15 gold-strength gelatin leaves
750ml prosecco or Champagne
200g caster sugar
2 Tbsp rose water, plus extra 3 tsp
2 Tbsp pomegranate molasses
700ml thickened cream, 35% fat
300ml pure cream, 45% fat
½ small seedless watermelon, skin removed
8 large store-bought meringues
250g fresh raspberries
500g fresh strawberries, sliced into rounds
8 small berry macarons, halved
4-5 sheets of gold leaf
½ pomegranate, arils removed
100g Vanilla Persian fairy floss
Put gelatin sheets in a bowl and cover with cold water. Set aside to soak for 5 minutes, until soft
Meanwhile, combine prosecco and sugar in a medium saucepan over a low heat. Stir for 2-3 minutes, until sugar has dissolved. Remove from heat. Add rose water and pomegranate molasses. Squeeze excess water from gelatin leaves. Add to hot prosecco mixture and stir until dissolved. Line a small tray or container with plastic wrap. Pour in the jelly mixture and chill for 4 hours or overnight, until firm.

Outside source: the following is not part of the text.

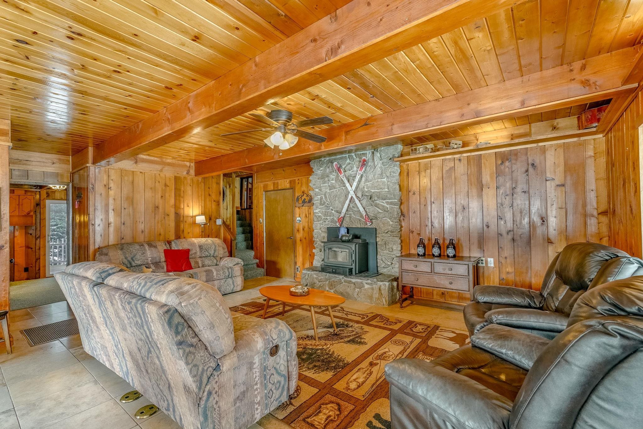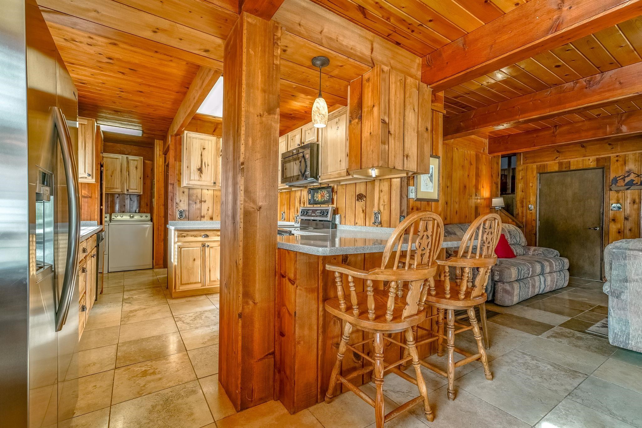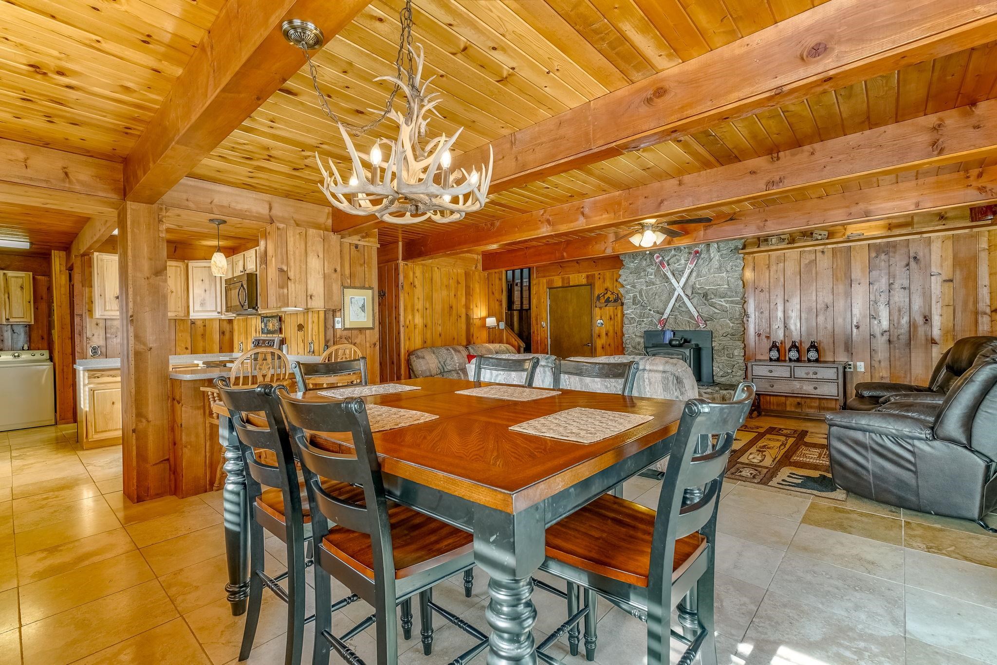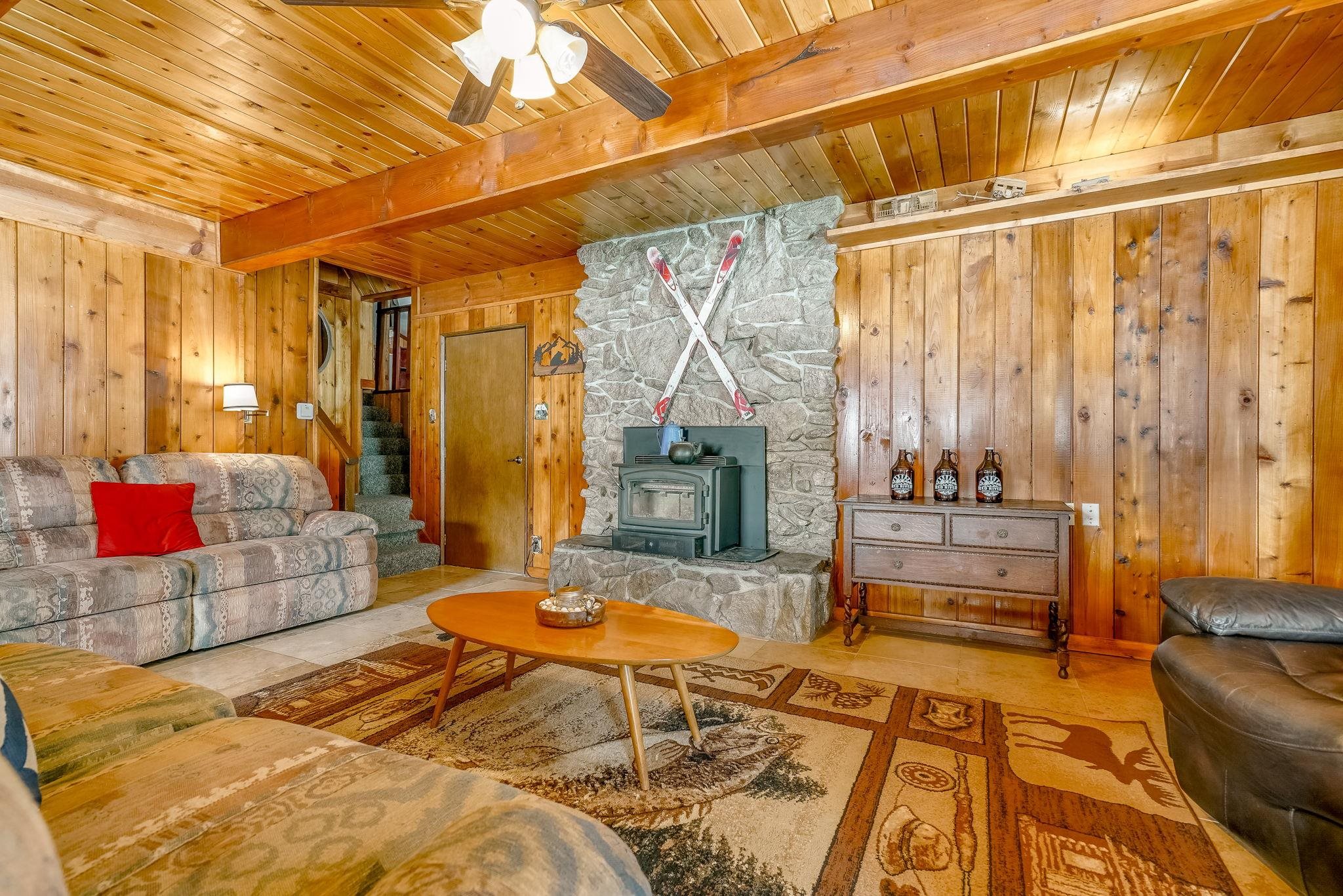 Riverfront living in Red River's Upper Valley is a rare find, and this home offers a setting that is genuinely special. Situated directly along the Red River, the property is shaped by its surroundings. The home spans two largely flat lots, offering rare outdoor usability and flexibility for future expansion. Covered porches, a wraparound deck, and fenced outdoor areas extend the living space and invite time outside. From the upper grounds, wooden steps lead down to the river, where towering evergreens and a riverside firepit create a distinctly different setting for time spent in nature. The home features warm wood interiors, exposed beams, and a comfortable, well-proportioned layout designed for connection and ease. A fireplace anchors the living space, creating a natural gathering place after a day outdoors. The kitchen and dining areas are open and functional. The four bedrooms plus a bonus room are thoughtfully arranged for privacy and flexibility. Located a short drive from town, this property offers a rural setting without sacrificing convenience for skiing, dining, shopping, and year-round recreation. Short-term rentals are permitted in this area. 14 Canyon Valley Rd is offered mostly furnished and equipped.

Whip thickened cream and pure cream together in a large bowl until firm peaks form. Fold through 1 tsp of the extra rose water.
Cut watermelon into 3cm-thick slices then each slice into 3cm cubes. Sprinkle over remaining extra rose water.
Invert jelly onto a board and cut into 3cm cubes.
To assemble, scatter a few cubes of watermelon on the bottom of a large serving platter. Follow with a few large dollops of cream. Break the meringues into large pieces and arrange around the plate. Top with jelly, berries, macarons and half the gold leaf. Repeat layers, finishing with pomegranate arils and fairy floss. Serve immediately.